* [Records for this task]
Segment Open

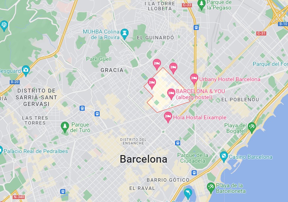 The residential streets surrounding Antoni Gaudí’s unfinished masterpiece are very quiet, which contrasts with the extraordinary and bold Gothic Basilica that gives the area its name. The surroundings of the basilica are typical of the large L’Eixample district, long, wide streets arranged in a grid. Its tranquility and lack of traffic at night contribute to making it an ideal option if you are looking for tranquility in the city.
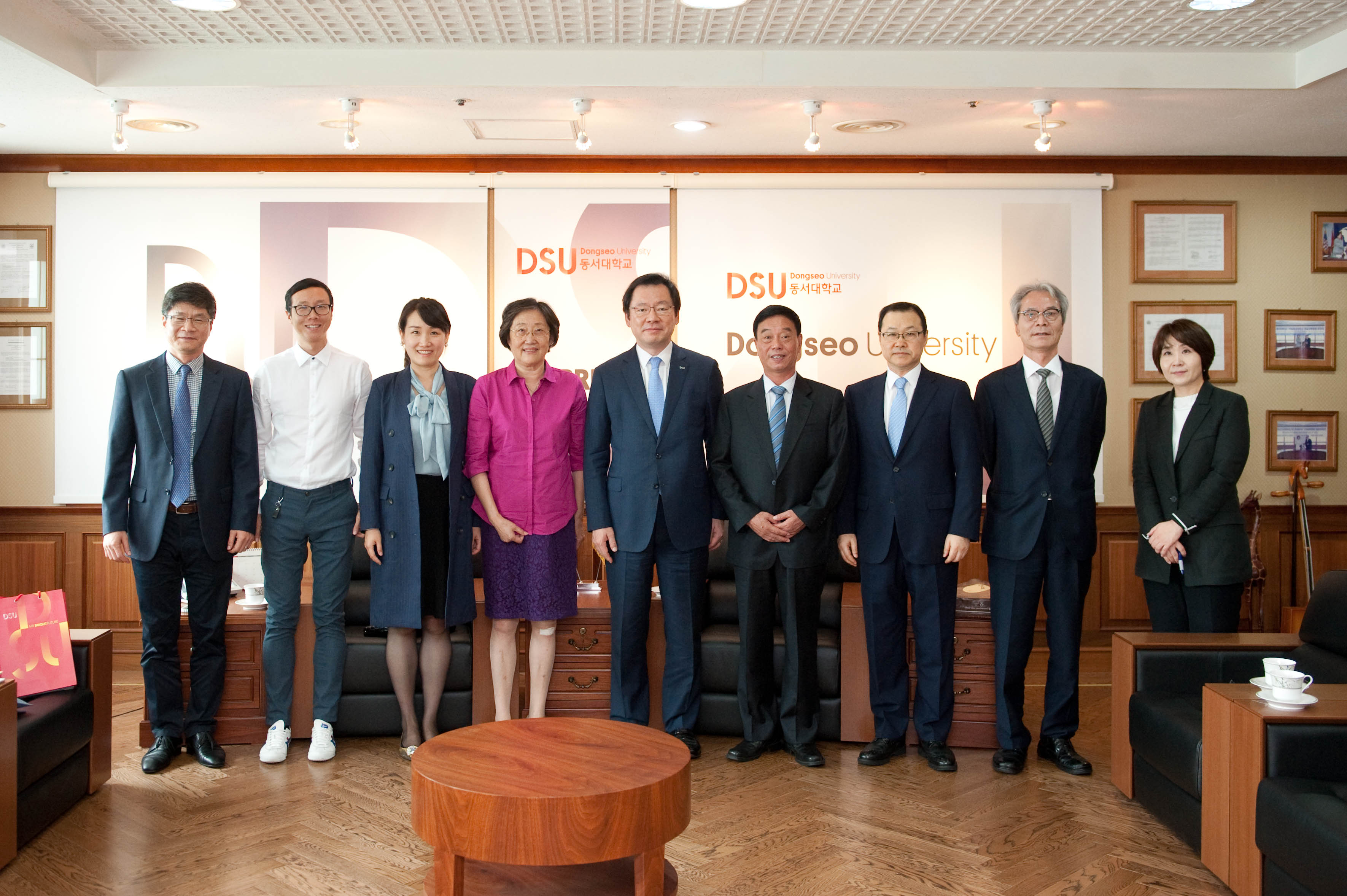 协议签订仪式当天,先播放了震旦与庆南大学的宣传视频,双方代表致辞后,陈力华校长与庆南情报大学总长秋万锡签订了两校合作协议书,张沈董事长代表震旦与秋万锡总长交换了礼物,并合影留念。
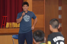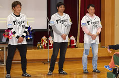 梅野隆太郎選手、中谷将大選手、髙山俊選手、板山祐太郎選手、北條史也選手が宜野座村立宜野座小学校を訪問
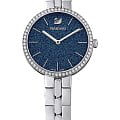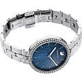 Синий циферблат с изящными серебристыми метками и стрелками подчёркивает элегантность часов. На отметке «12 часов» расположен логотип Swarovski в виде лебедя.
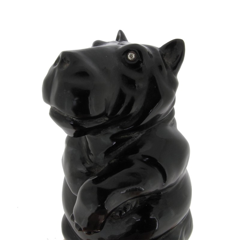 A carved hardstone figure of a seated hippopotamus, early 20th Century. Possibly obsidian with diamond set eyes, a pensive expression and crossed arms. 8cm high.
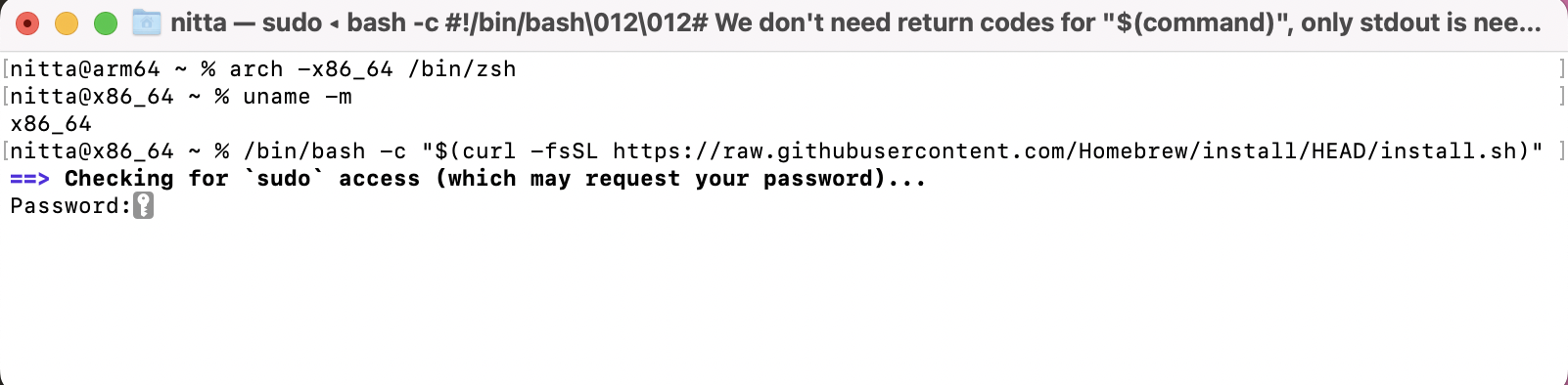 (x84_64)% /bin/bash -c "$(curl -fsSL https://raw.githubusercontent.com/Homebrew/install/HEAD/install.sh)"
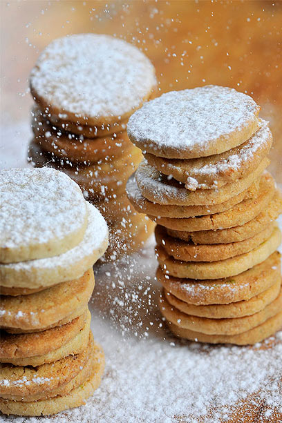 - בוזקים אבקת סוכר מעל לעוגיות לפני ההגשה.
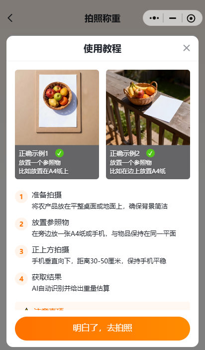 水果蔬菜拿起手机拍一下,AI自动估重,省时省力。
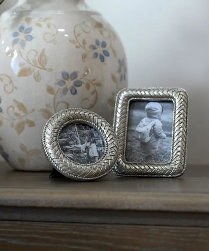- Style Description:Silver weaved style photo frame. The perfect way to display treasured moments.
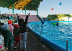 В курортном поселке Кирилловка прошли завершающие сезон выступления в единственном действующем дельфинарии Азовского побережья. Гостями финального шоу дельфинов и морских котиков стали учащиеся средних школ области и семьи сотрудников и военнослужащих регионального управления Росгвардии, сообщили корреспонденту Информационного агентства МАНГАЗЕЯ в пресс-службе ведомства.Родители и дети с неподдельным любопытством наблюдали за показательным выступлением морских артистов, которые под руководством опытных тренеров выполнили эффектные номера и трюки. Обаятельные морские котики и дельфины-афалины без труда осуществляли все команды наставника: крутили обручи, играли в импровизированный волейбол и время от времени помогали зрителям «освежиться» водой из бассейна.
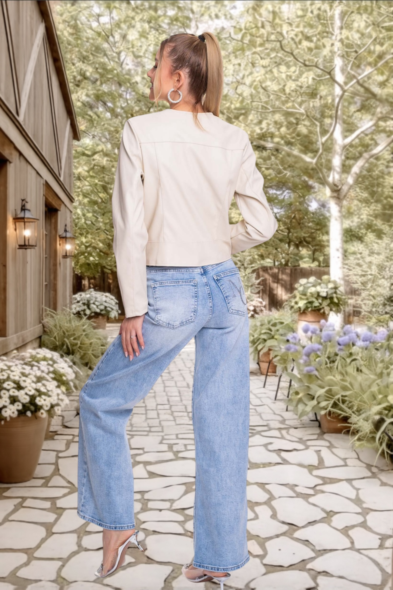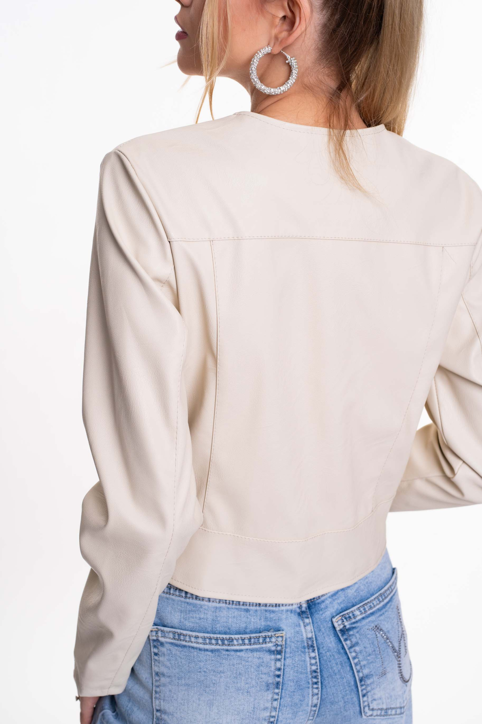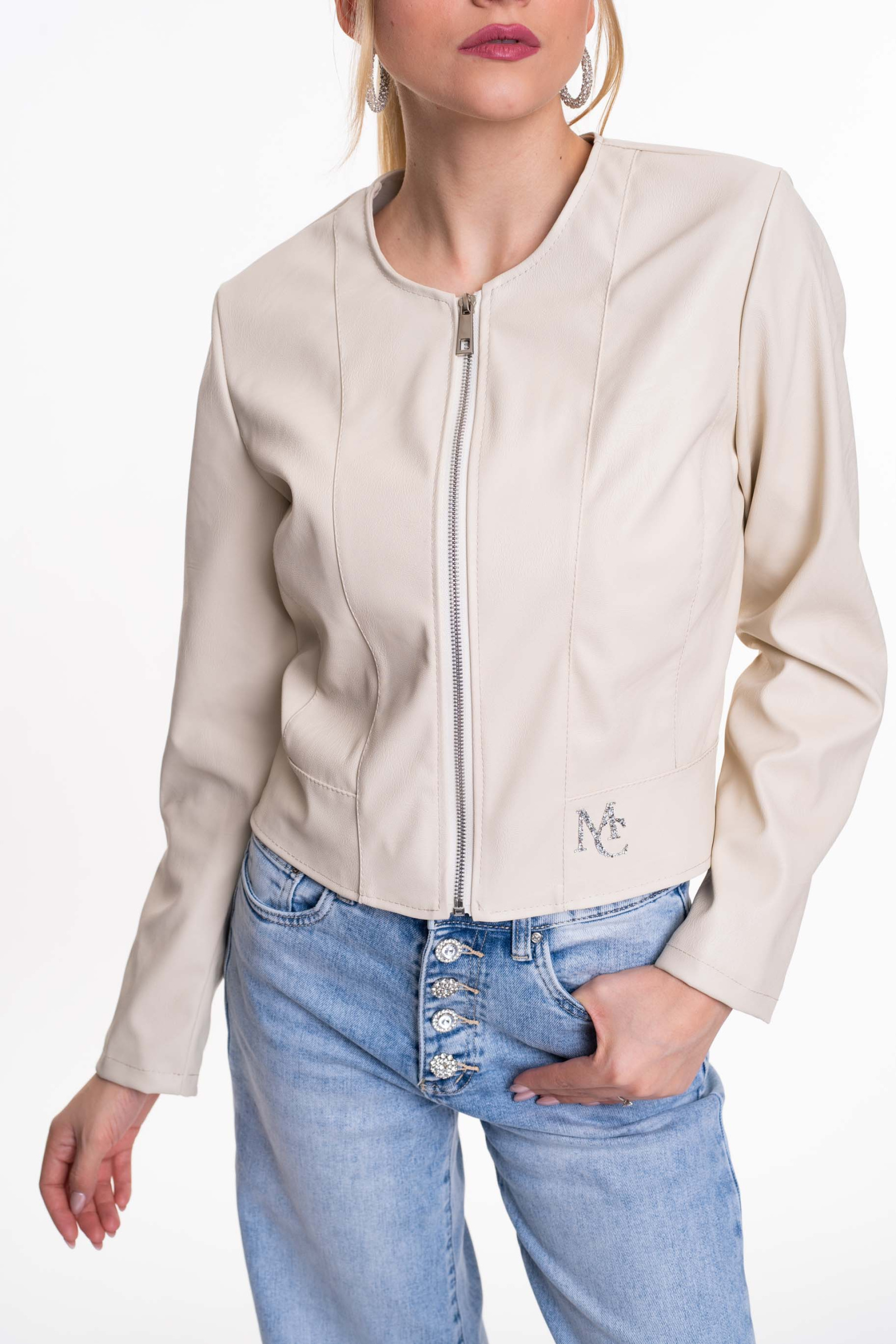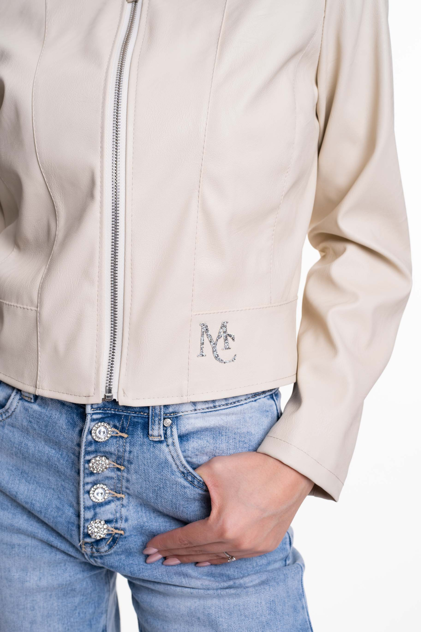 Műbőrből készült, cippzáras záródású, rövid fazonú dzseki, alján strasszos matrica nyomott márkajelzéssel.

Segment Closed

* [To do] Your answer must be an exact reproduction of all entries, containing no pictures.

* [Task result]
 The residential streets surrounding Antoni Gaudí’s unfinished masterpiece are very quiet, which contrasts with the extraordinary and bold Gothic Basilica that gives the area its name. The surroundings of the basilica are typical of the large L’Eixample district, long, wide streets arranged in a grid. Its tranquility and lack of traffic at night contribute to making it an ideal option if you are looking for tranquility in the city.
 协议签订仪式当天,先播放了震旦与庆南大学的宣传视频,双方代表致辞后,陈力华校长与庆南情报大学总长秋万锡签订了两校合作协议书,张沈董事长代表震旦与秋万锡总长交换了礼物,并合影留念。
 梅野隆太郎選手、中谷将大選手、髙山俊選手、板山祐太郎選手、北條史也選手が宜野座村立宜野座小学校を訪問
 Синий циферблат с изящными серебристыми метками и стрелками подчёркивает элегантность часов. На отметке «12 часов» расположен логотип Swarovski в виде лебедя.
 A carved hardstone figure of a seated hippopotamus, early 20th Century. Possibly obsidian with diamond set eyes, a pensive expression and crossed arms. 8cm high.
 (x84_64)% /bin/bash -c "$(curl -fsSL https://raw.githubusercontent.com/Homebrew/install/HEAD/install.sh)"
 - בוזקים אבקת סוכר מעל לעוגיות לפני ההגשה.
 水果蔬菜拿起手机拍一下,AI自动估重,省时省力。
- Style Description:Silver weaved style photo frame. The perfect way to display treasured moments.
 В курортном поселке Кирилловка прошли завершающие сезон выступления в единственном действующем дельфинарии Азовского побережья. Гостями финального шоу дельфинов и морских котиков стали учащиеся средних школ области и семьи сотрудников и военнослужащих регионального управления Росгвардии, сообщили корреспонденту Информационного агентства МАНГАЗЕЯ в пресс-службе ведомства.Родители и дети с неподдельным любопытством наблюдали за показательным выступлением морских артистов, которые под руководством опытных тренеров выполнили эффектные номера и трюки. Обаятельные морские котики и дельфины-афалины без труда осуществляли все команды наставника: крутили обручи, играли в импровизированный волейбол и время от времени помогали зрителям «освежиться» водой из бассейна.
 Műbőrből készült, cippzáras záródású, rövid fazonú dzseki, alján strasszos matrica nyomott márkajelzéssel.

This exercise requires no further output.